**WHAT IS REQUIRED**
Exactly the lines from the start of the entries through the line with "A Businesswoman reviewing" are required in the output, with no pictures among them.

--- INPUT FOR THIS TASK ---

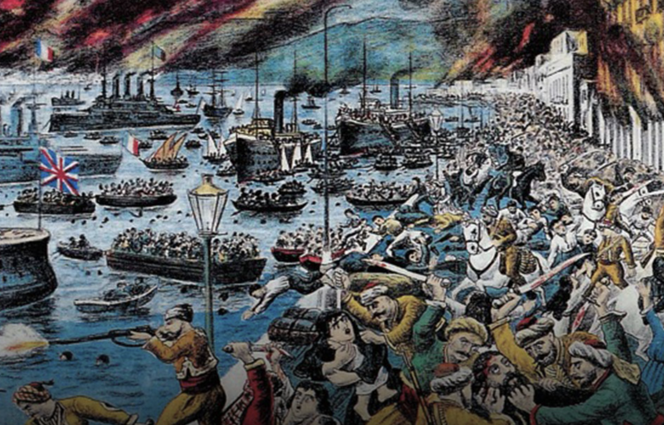 Εις πλείστα σημεία της τραγικής παρατάξεως των συγκεντρωμένων εις την παραλίαν, έπιπτον τεμάχια καιομένων δοκών μεταδίδοντα το πυρ, όπερ όμως δεν εξηπλούτο, των καιομένων πραγμάτων ριπτομένων εις την θάλασσαν.
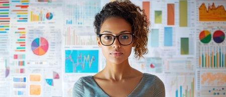 A Businesswoman reviewing data charts with focused expression in bright office
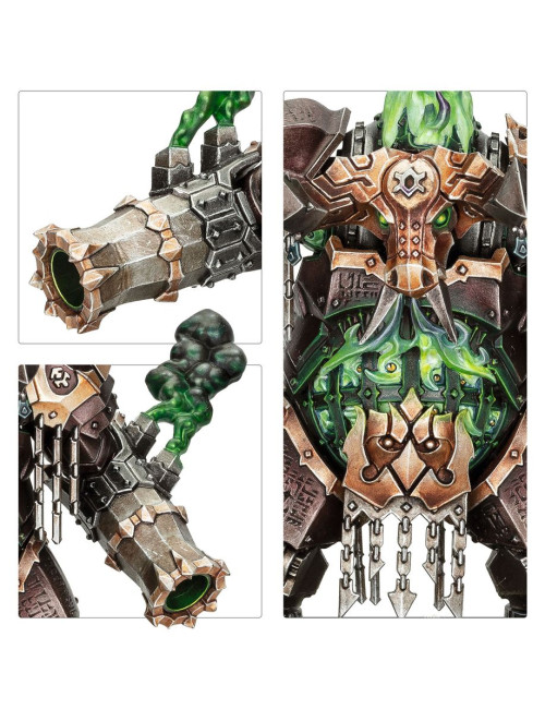 Las miniaturas de la caja son fácilmente personalizables. El Ingenio Dominador puede equiparse con dos brutales mazas de perdición para aplastar a tus enemigos en combate, o con dos cañones inmoladores para convertirlos en cenizas.
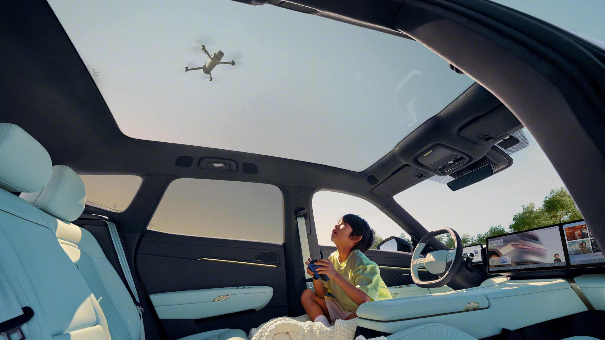 The car’s interior adopts a block of two 15-inch screens. The vast majority of modern Chinese new energy vehicles offer the same layout. There is a small LCD instrument panel behind a two-spoke double-D-shaped steering wheel. The gear shifter sits on the steering column, leaving space for two wireless phone chargers on the center tunnel. The car’s front seats adopt power adjustments, 10-point massage, ventilation, and heating. Another feature is a 6.7-liter refrigerator.
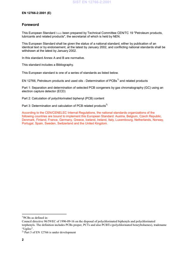 1)PCBs as defined in:Council directive 96/59/EC of 1996-09-16 on the disposal of polychlorinated biphenyls and polychlorinatedterphenyls. The definition includes PCBs proper, PCTs and also PCBTs (polychlorinated benzyltoluenes), tradename“Ugilec”.2 Part 3 of EN 12766 is under developmentSIST EN 12766-2:2001

---

**OUTPUT OF THE EXERCISE**
 Εις πλείστα σημεία της τραγικής παρατάξεως των συγκεντρωμένων εις την παραλίαν, έπιπτον τεμάχια καιομένων δοκών μεταδίδοντα το πυρ, όπερ όμως δεν εξηπλούτο, των καιομένων πραγμάτων ριπτομένων εις την θάλασσαν.
 A Businesswoman reviewing data charts with focused expression in bright office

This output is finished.